#### What you should do
Transcribe everything in the listing as written, and let no image into the copy.

#### Collected material
#####

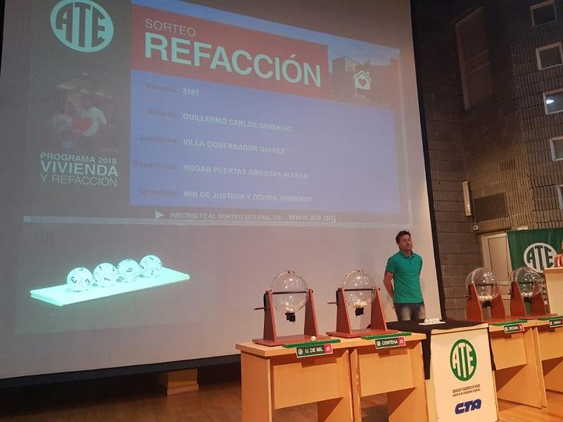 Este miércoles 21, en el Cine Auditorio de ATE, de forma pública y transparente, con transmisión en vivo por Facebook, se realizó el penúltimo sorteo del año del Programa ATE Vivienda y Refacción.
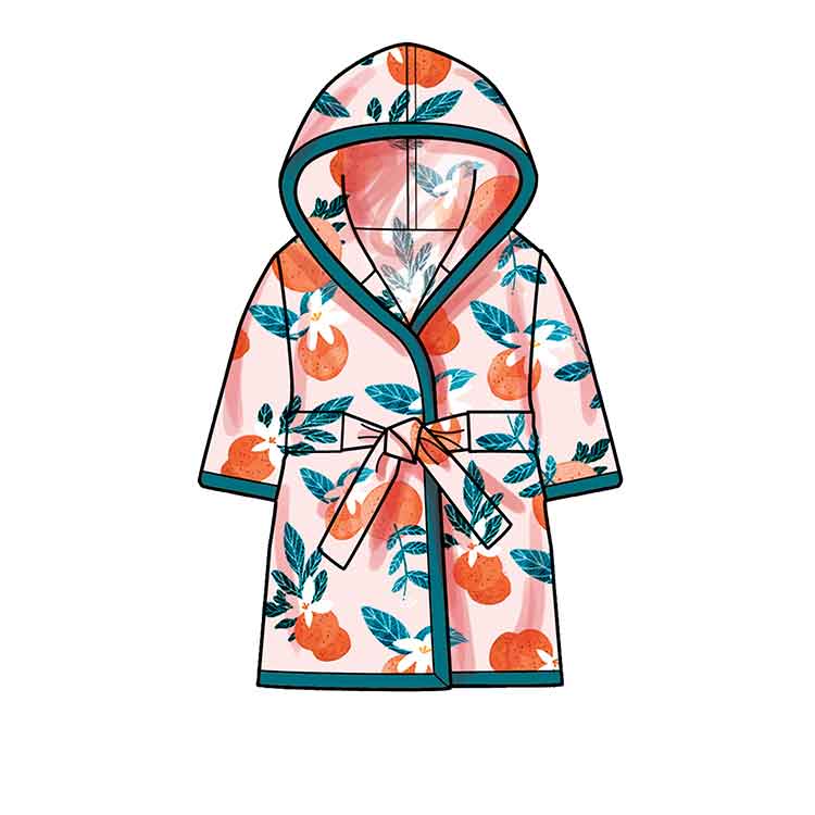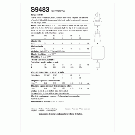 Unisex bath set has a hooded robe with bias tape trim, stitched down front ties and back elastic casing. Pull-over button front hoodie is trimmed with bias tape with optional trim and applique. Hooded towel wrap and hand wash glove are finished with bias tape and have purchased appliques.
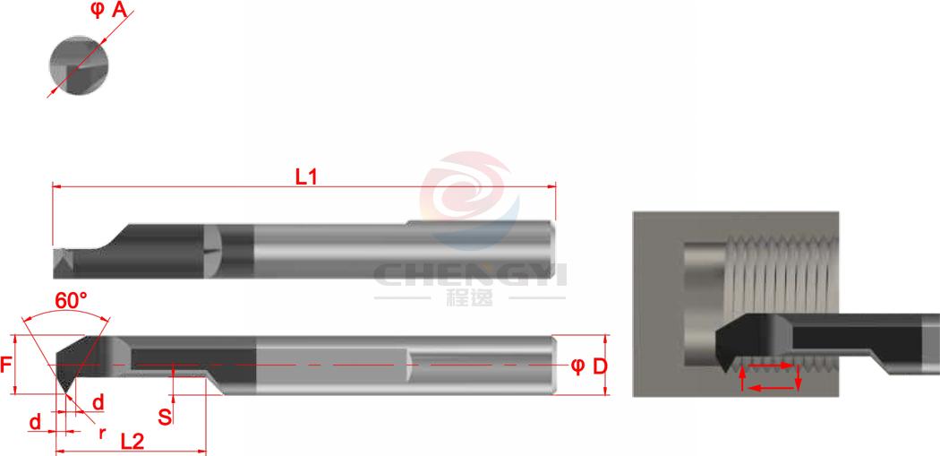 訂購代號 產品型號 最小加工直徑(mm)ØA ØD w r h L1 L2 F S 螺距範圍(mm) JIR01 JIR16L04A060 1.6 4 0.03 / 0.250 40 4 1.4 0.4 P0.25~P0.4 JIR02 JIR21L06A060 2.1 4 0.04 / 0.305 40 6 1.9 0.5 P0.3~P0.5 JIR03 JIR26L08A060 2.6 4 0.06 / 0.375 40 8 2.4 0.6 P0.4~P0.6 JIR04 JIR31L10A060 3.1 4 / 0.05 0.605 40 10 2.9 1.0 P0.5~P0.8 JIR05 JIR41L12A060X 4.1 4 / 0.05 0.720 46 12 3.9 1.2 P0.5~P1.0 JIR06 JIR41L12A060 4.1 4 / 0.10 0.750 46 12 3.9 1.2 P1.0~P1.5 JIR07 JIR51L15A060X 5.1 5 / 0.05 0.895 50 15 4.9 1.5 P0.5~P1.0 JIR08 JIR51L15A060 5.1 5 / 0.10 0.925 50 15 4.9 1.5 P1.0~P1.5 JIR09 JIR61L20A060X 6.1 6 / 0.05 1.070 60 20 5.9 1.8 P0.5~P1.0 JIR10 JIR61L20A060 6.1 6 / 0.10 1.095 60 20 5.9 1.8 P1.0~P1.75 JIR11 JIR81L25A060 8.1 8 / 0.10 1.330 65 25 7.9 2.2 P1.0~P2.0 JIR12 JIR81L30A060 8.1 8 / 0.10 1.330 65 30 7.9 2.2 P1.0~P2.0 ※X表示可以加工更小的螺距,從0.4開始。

#####

#### Task result
 Este miércoles 21, en el Cine Auditorio de ATE, de forma pública y transparente, con transmisión en vivo por Facebook, se realizó el penúltimo sorteo del año del Programa ATE Vivienda y Refacción.
 Unisex bath set has a hooded robe with bias tape trim, stitched down front ties and back elastic casing. Pull-over button front hoodie is trimmed with bias tape with optional trim and applique. Hooded towel wrap and hand wash glove are finished with bias tape and have purchased appliques.
 訂購代號 產品型號 最小加工直徑(mm)ØA ØD w r h L1 L2 F S 螺距範圍(mm) JIR01 JIR16L04A060 1.6 4 0.03 / 0.250 40 4 1.4 0.4 P0.25~P0.4 JIR02 JIR21L06A060 2.1 4 0.04 / 0.305 40 6 1.9 0.5 P0.3~P0.5 JIR03 JIR26L08A060 2.6 4 0.06 / 0.375 40 8 2.4 0.6 P0.4~P0.6 JIR04 JIR31L10A060 3.1 4 / 0.05 0.605 40 10 2.9 1.0 P0.5~P0.8 JIR05 JIR41L12A060X 4.1 4 / 0.05 0.720 46 12 3.9 1.2 P0.5~P1.0 JIR06 JIR41L12A060 4.1 4 / 0.10 0.750 46 12 3.9 1.2 P1.0~P1.5 JIR07 JIR51L15A060X 5.1 5 / 0.05 0.895 50 15 4.9 1.5 P0.5~P1.0 JIR08 JIR51L15A060 5.1 5 / 0.10 0.925 50 15 4.9 1.5 P1.0~P1.5 JIR09 JIR61L20A060X 6.1 6 / 0.05 1.070 60 20 5.9 1.8 P0.5~P1.0 JIR10 JIR61L20A060 6.1 6 / 0.10 1.095 60 20 5.9 1.8 P1.0~P1.75 JIR11 JIR81L25A060 8.1 8 / 0.10 1.330 65 25 7.9 2.2 P1.0~P2.0 JIR12 JIR81L30A060 8.1 8 / 0.10 1.330 65 30 7.9 2.2 P1.0~P2.0 ※X表示可以加工更小的螺距,從0.4開始。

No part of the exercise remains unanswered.